Political strategies

NOTICE | Taiwan needs an integrated set of national security strategies | Views

As President Joe Biden has observed, we seem to be fast approaching a tipping point in world history. Faced with an insufficiently clear future, the Taiwanese government must systematically make strategic domestic and foreign policy decisions that advance the fundamental national security interests of the peoples of Taiwan in a range of futures. This should start with the creation of a set of integrated national security strategies. Building on this argument, this set of strategies should be deployable and usable in a range of geographic, functional, and community settings. This may require supplementing the traditional strategy approach with other strategy development activities, including scenario planning.

At the global level, the government of Taiwan must develop a multidisciplinary and systematic national security strategy that contains realistic and time-bound goals. This corporate strategy should be based on a set of basic principles carefully selected by Taiwanese policy makers. Candidates can include self-reliance, openness, prosperity, respect, and security. The strategy should identify a core set of national security concerns that impede the realization of these principles. Next, it should identify a basic set of instruments to manage these national security concerns. An example would be strategic partnerships with Japan and the United States. This set of instruments should promote extensive cross-cutting cooperation and coordination between governmental and non-governmental agencies responsible for defence, democracy, development and diplomacy.

At the regional level, the Taiwanese government should develop multidisciplinary and systematic national security strategies for certain regions and subregions. Distance matters in international security affairs. Nearby sovereign states often share decision-making, collaborate on assessments, and pool resources to promote peace and security in their local neighborhoods. This proximity may arise from, among other things, administrative, cultural, economic, geographical and historical factors. Examples include member states of the African Union, Association of Southeast Asian Nations, Commonwealth of Independent States, European Union, Pacific Islands Forum and Organization of American States . Wherever regionalism threatens to impede successful implementation of the global strategy, Taiwanese policymakers should develop regional variants built around values, concerns and instruments suited to local conditions. Obvious prospects include Europe, the Pacific Islands and Southeast Asia.

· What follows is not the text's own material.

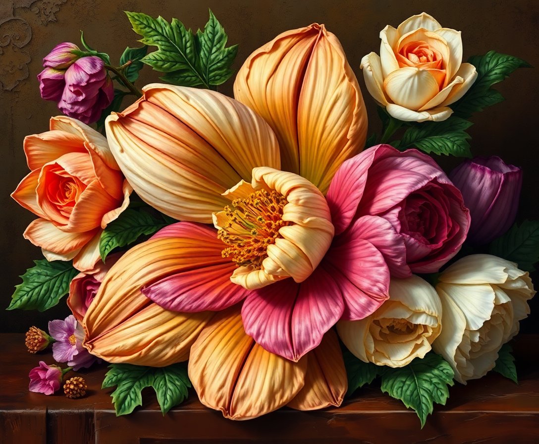 Ultimately, step back and admire your finished baroque masterpiece. The fallen petals now display their full dramatic beauty. Your artistic achievement deserves prominent display in your favorite room.

At the functional level, the Taiwanese government must develop multidisciplinary and systematic strategies for defense, democracy, development and diplomacy. Functionality is important in domestic and international business. Each government agency has a unique mix of cultures, missions, roles, legal authorities, ethical standards, funding mechanisms and political interests that give rise to their own sets of biases, frameworks, processes, of planning terminologies and cultures. For these reasons, Taiwanese policymakers should direct government agencies primarily responsible for defence, democracy, development, and diplomacy to develop functional variants built around values, concerns, and instruments suited to the conditions. local. Ideally, these strategies would not only communicate policy, priorities and actions to staff, contractors and other stakeholders. They would also communicate unity of purpose with other government agencies and partner countries. To achieve this outcome, the Taiwanese government should make significant investments in shared assessments, planning coordination, and alignment reviews.

At the community level, the Taiwanese government should develop a multidisciplinary and systematic strategy for groups of people concerned with security who share common characteristics and manifest collective identities. Community issues in international security affairs. Each community has its own beliefs, cultures, interests, structures and values ​​that impact the strategic fit of business strategies. Wherever communities threaten to thwart the successful implementation of the global strategy, Taiwanese policymakers must assess these characteristics, determine strategic fit, and develop community variants built around values, concerns, and instruments suited to local conditions. . These strategies would help build more empathetic relationships and leverage synergies. Obvious perspectives include indigenous peoples and overseas Chinese.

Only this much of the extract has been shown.